Vijay Chikan, 57, the party treasurer, says the JKNUF has 10,000 members of whom 6,000 are below the age of 40. The party, whose symbol is the daffodil (nargis in Urdu), plans to contest 15 seats. Their agenda: rehabilitation of Kashmiri Pandits, a programme to occupy the Pandit youth gainfully, and reservation of seats for Kashmiri Hindus.
Cover Story

CHIKAN’S MIGRATION to Jammu happened like this. He used to run a factory in dKashmir. He says he was friendly with many people, including a young Muslim electrician whom he particularly liked. One day, he notice that the young Muslim was following him. “I suspected something was wrong. I was scared. I started to remembe how one of my friends was killed. I got into a meat shop. I didn’t need meat that day, but I still bought it. I kept harassing the meat seller, asking him about various kinds of meat. I spent time in the meat shop. This youngster had got into a shop some distance away. I finally left the meat shop. He also left the shop he was in.

“I turned by instinct when he came too close. I asked him, ‘do you want to say something?’ He said he needed to discuss a problem with me. I said, why didn’t he tell me. I asked him to come in the morning. I dropped the meat at home, and left in 30 minutes. I stayed at my in-laws for the night and moved to Jammu from there. I learnt later that the electrician was given the responsibility of killing me,” Chikan says.

Life as a migrant has hardened Chikan’s views. He now puts the Kashmiri Pandit before all else. “I am worried that a mega exodus from Jammu is already on among the Pandits. Soon, there will be cross-marriages, which will threaten our existence. We have unique 5,000-year-old genes. We must keep our genes pure and save ourselves from bad exposure. We have to save our culture. At the current rate, no one will want to consult the senior Pandits in future. They will opt for computer match-making and destroy the race,” he says.

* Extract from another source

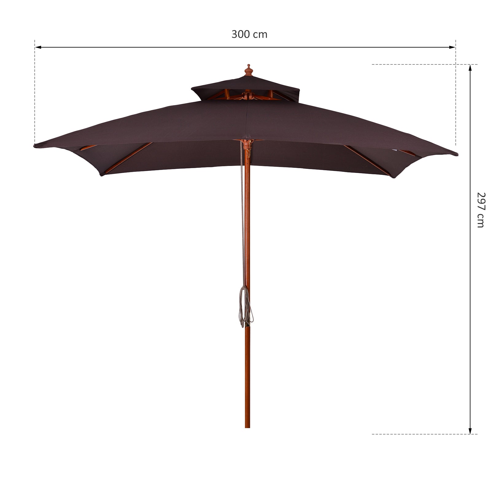 Guarda-Sol de Jardim – 300x300x297cm – Marrom – Madeira e Poliéster

Trust is rare among the Pandits. There was a time when they wondered why their country didn’t save them. Now they know better. There’ll be some back-slapping and small talk when the candidates come asking for votes. But there’ll be even more bile. The Pandits want to make their vote count. One way to do this is to ensure that they’re all in the same place. Which is why the insistence on new townships specifically for the Pandits.

In Sanjay Razdan’s tenement, his son Kartik is at work. “Five twos are seven,” he chants. One day, he’ll get his math right. And ask for the account. Someone better have the answers.